We consider now that a schedule contains two information: the order in which segments are sent and their destination. The evaluation will first selects all the leaves. Among the leaves, only the ones corresponding to segments that must be sent first will be considered. Among the remaining, the transfers that start the soonest will be selected. Only the transfers for the segment with the lowest index will be kept and only the transfers from the machine with the lowest index will be finally kept.
In order to find the leaves, it may be easier to keep the same structure for the destination and to add another structure that gives the rank of the segment transfer.
evaluate <- function(solution, alpha, beta, gamma) {
n <- nrow(solution$destination)
m <- ncol(solution$destination)
# Arrays to keep the next time a processor is ready for reduction, for
# sending and for receiving
reducing <- rep(0, n)
sending <- rep(0, n)
receiving <- rep(0, n)
ready <- matrix(0, nrow = n, ncol = m)
for (k in 1:(m * (n - 1))) {
# Select all the ready processors
leaf <- sapply(1:m, function(j) return(!sapply(1:n, function(i) return(i %in%
solution$destination[, j]))))
if (!any(leaf))
return(Inf)
# Select the segments which it is the turn
tmp <- which(leaf)[which(solution$rank[leaf] == 1)]

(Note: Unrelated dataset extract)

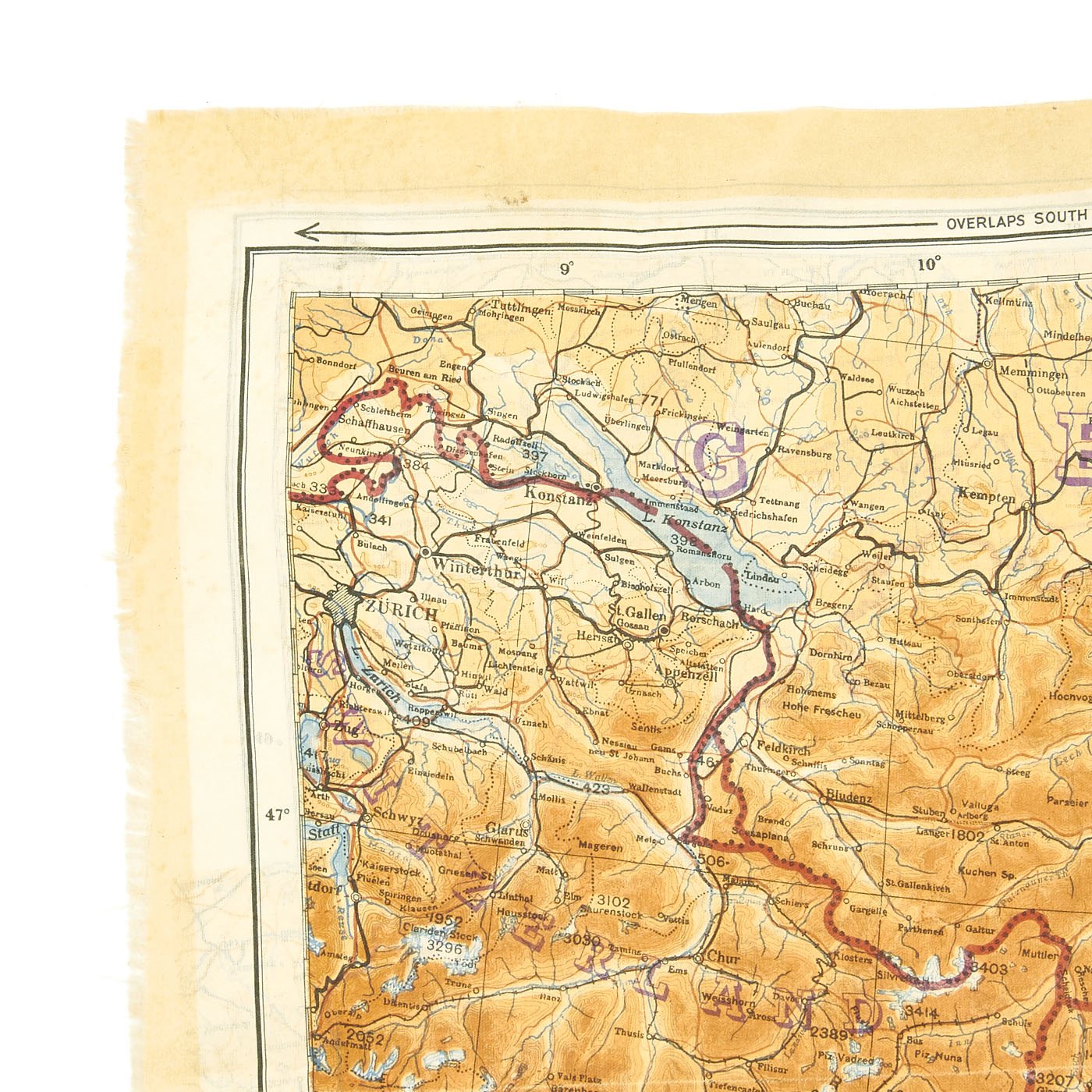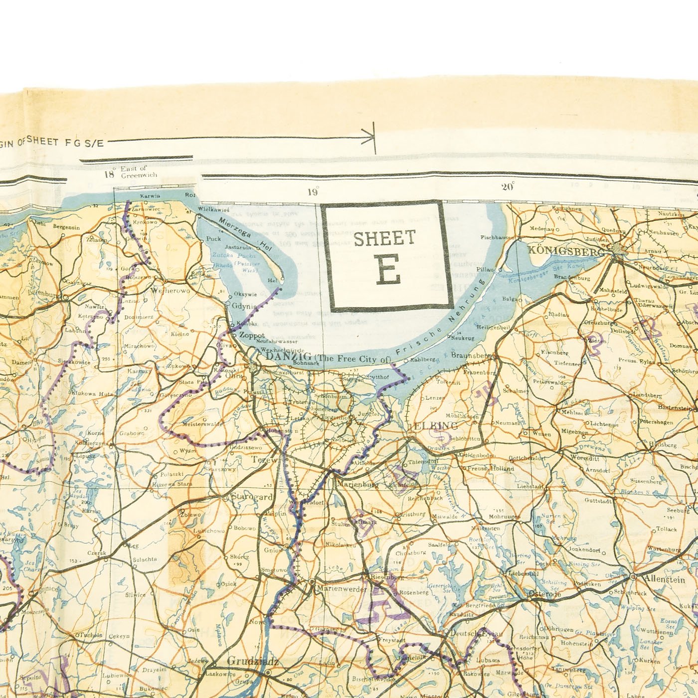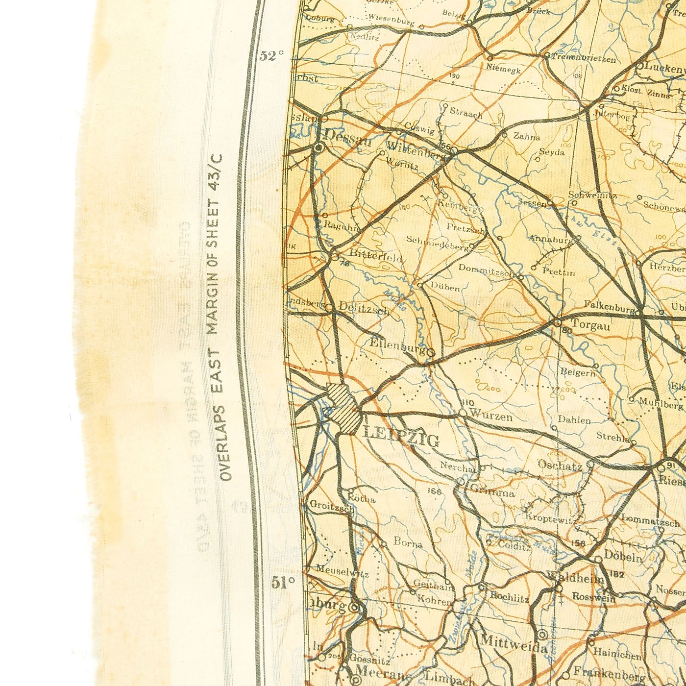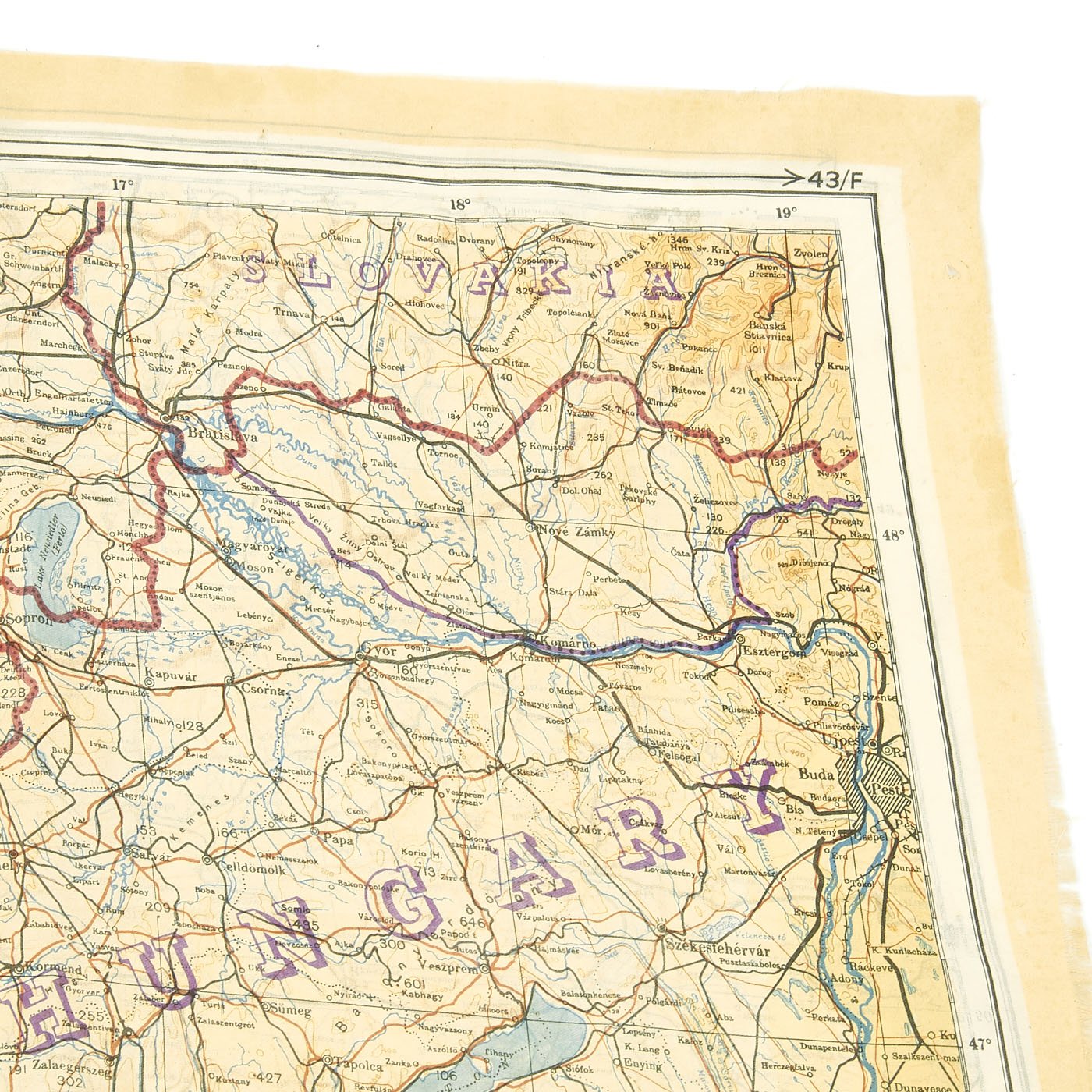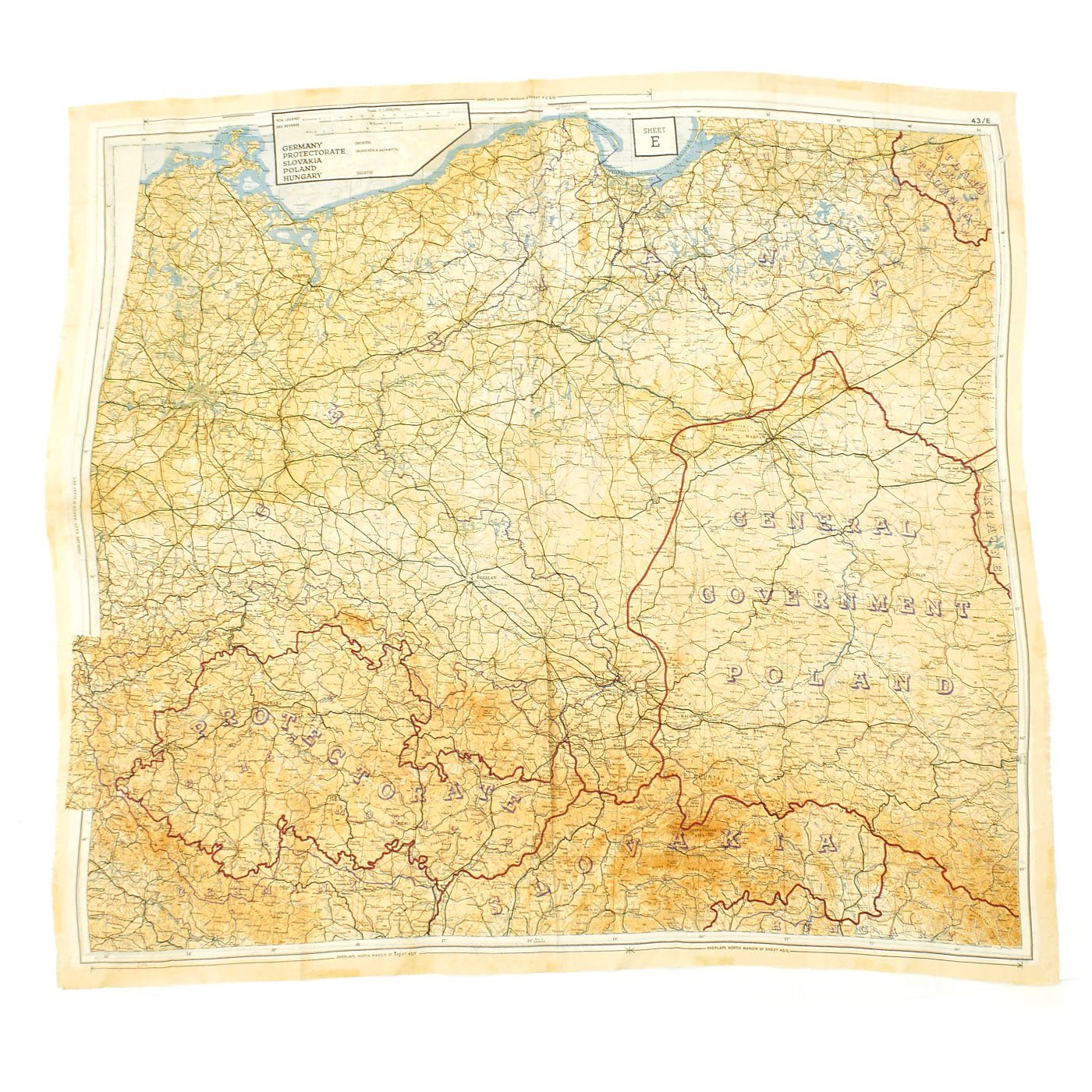 Original Item: Only One Available. In 1943 a series of cloth escape maps were produced that are immediately recognized by their vivid colors. These maps are of the European Theater and were issued to Allied pilots of the US, RAF, and RCAF. Printed by the company of John Waddington, Ltd, the maps consist of eight colors and are primarily at a scale of 1:1,000,000 with larger scale inserts. There are ten sheets in this series, which are composites of various paper sheets of the then existing International Map of the World, unlike the previous escape maps which were exact copies of existing paper sheets. The sheets are numbered with the prefix 43 followed by one of the upper case letters: A, B, C, D, E, F, G, H, and K (east) and K (west). When all the maps are laid out they basically overlap to provide a complete map of Europe. The maps were usually printed on both sides, although single-side versions exist. Normally, the maps were printed sequentially--A on one side and B on the other side; C on one side and D on the other side--although that was not always the case. For example, maps with C on one side and E on the other side are also occasionally found.

machines <- (tmp - 1)%%n + 1
segments <- (tmp - 1)%/%n + 1
if (length(machines) == 0)
return(Inf)
# Keep the transfers that can start the soonest
soonest <- Inf
for (i in 1:length(machines)) {
current <- max(ready[machines[i], segments[i]], sending[machines[i]],
receiving[solution$destination[machines[i], segments[i]]] -
alpha)
if (current < soonest) {
selection <- i
soonest <- current
} else if (abs(current - soonest) < 1e-15) {
selection <- c(selection, i)
}
}
machines <- machines[selection]
segments <- segments[selection]
# Select the lowest segment index and then the lowest machine index
j <- min(segments)
from <- min(machines[segments == j])
to <- solution$destination[from, j]
starting <- max(ready[from, j], sending[from], receiving[to] - alpha)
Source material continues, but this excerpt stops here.